Heh, reading just the title, I was sure this was a humorous posting making fun of the speculation forum.

It seems op was serious Smiley

Ha, yeah I was serious (mostly). The problem is I go back and forth. Bitcoin really DOES seem like it has the potential to be revolutionary and MASSIVELY successful. And I sometimes think I'm a genius for understanding its implications earlier than most.  But then I remember that I'm not that smart. And I haven't exactly won over the friends and family I've tried to convert. ("Dude, you've got to drop the bitcoin sh*t.

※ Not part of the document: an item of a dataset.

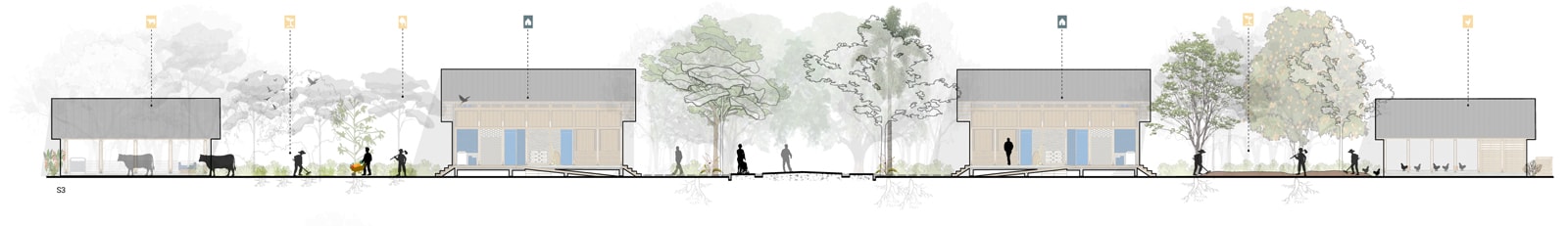 Rural housing is a system of relationships involving various activities and scales where living and working occur simultaneously, blending domestic and productive elements. It’s a HOME for living, working, sheltering, and engaging with the landscape.

Seriously, I don't care.") And then I wonder if I'm not just a moron who spent several grand on "Mario money" (my wife's preferred term) that will soon be worthless.   I guess we'll find out.  Smiley

The problem is that Bitcoin, as a concept, requires a greater than average understanding of:

- Economics
- Networks
- Coding
- Cryptography
- Social science
- Market forces
- ... and I'm probably missing a few.

That is the reason most people don't get it. Most people have a somewhat basic understanding of one, two or maybe three of these, but not all.

Think about what needed to be understood for the concept of email to take hold. Not now, with the ability to open a gmail account and send an email within seconds, but back when NO ONE had a computer sitting on their desk. There was computing (how to get a computer to work, how to give it DOS commands, how to set up a modem through the phone line, how to get an email across those lines, etc)... people used to prefer to pick up the phone, or send a letter through the mail. And now they don't. It isn't that their understanding of these items has magically grown, it's just that those who did understand them well made them user friendly to the point that the average Joe doesn't need to figure it out, much like he doesn't need to understand electrons in order to throw a light switch.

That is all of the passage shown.